PROBLEM DESCRIPTION:
Only certain lines below are wanted: those starting at the line containing "2月2日訊 拜仁在本輪德甲4" and ending at the line containing "Card Inside: Cut", both included, each retyped exactly.

[MATERIAL PROVIDED Boundary: Start]

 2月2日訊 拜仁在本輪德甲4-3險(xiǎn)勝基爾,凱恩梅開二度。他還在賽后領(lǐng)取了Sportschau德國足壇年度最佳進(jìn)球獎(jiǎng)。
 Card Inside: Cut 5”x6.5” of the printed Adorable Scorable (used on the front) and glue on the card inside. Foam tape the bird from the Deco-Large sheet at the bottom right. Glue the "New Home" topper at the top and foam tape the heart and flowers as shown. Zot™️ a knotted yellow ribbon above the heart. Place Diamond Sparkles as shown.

[MATERIAL PROVIDED Boundary: End]
[MATERIAL PROVIDED Boundary: Start]

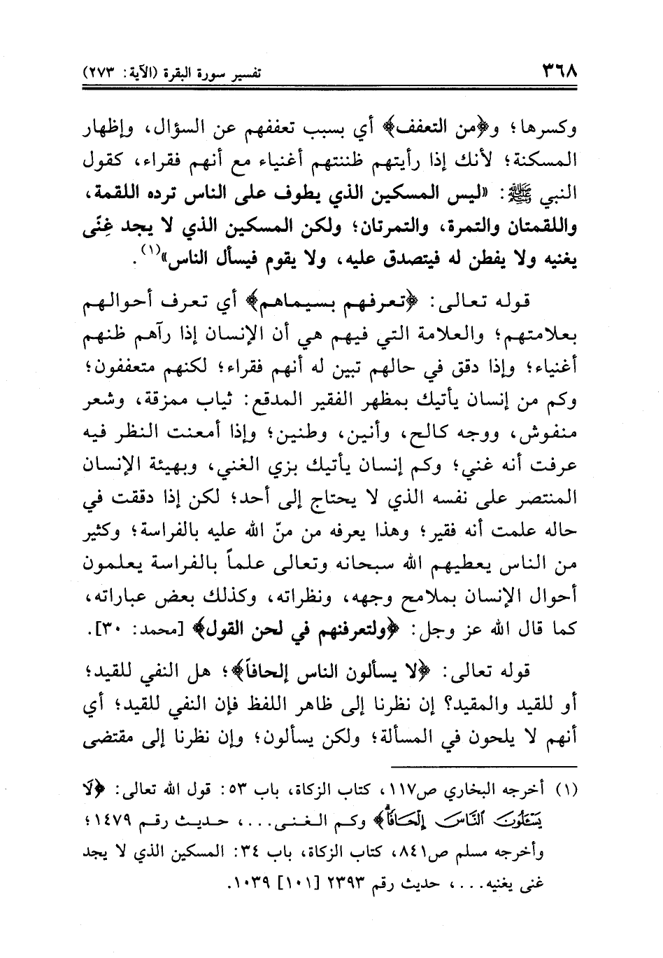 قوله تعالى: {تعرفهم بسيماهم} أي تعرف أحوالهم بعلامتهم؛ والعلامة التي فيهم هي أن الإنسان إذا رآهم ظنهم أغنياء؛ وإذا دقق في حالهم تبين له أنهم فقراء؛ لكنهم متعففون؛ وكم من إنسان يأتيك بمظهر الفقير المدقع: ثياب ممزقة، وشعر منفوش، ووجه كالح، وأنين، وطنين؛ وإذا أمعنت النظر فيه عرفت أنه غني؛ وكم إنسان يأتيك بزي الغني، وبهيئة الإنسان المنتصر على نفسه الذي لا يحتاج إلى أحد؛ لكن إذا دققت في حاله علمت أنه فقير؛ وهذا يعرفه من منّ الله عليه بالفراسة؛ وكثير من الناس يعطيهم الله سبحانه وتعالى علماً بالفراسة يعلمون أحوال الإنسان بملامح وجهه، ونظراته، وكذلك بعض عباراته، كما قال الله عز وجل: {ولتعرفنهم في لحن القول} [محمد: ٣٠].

[MATERIAL PROVIDED Boundary: End]

TASK SOLUTION:
 2月2日訊 拜仁在本輪德甲4-3險(xiǎn)勝基爾,凱恩梅開二度。他還在賽后領(lǐng)取了Sportschau德國足壇年度最佳進(jìn)球獎(jiǎng)。
 Card Inside: Cut 5”x6.5” of the printed Adorable Scorable (used on the front) and glue on the card inside. Foam tape the bird from the Deco-Large sheet at the bottom right. Glue the "New Home" topper at the top and foam tape the heart and flowers as shown. Zot™️ a knotted yellow ribbon above the heart. Place Diamond Sparkles as shown.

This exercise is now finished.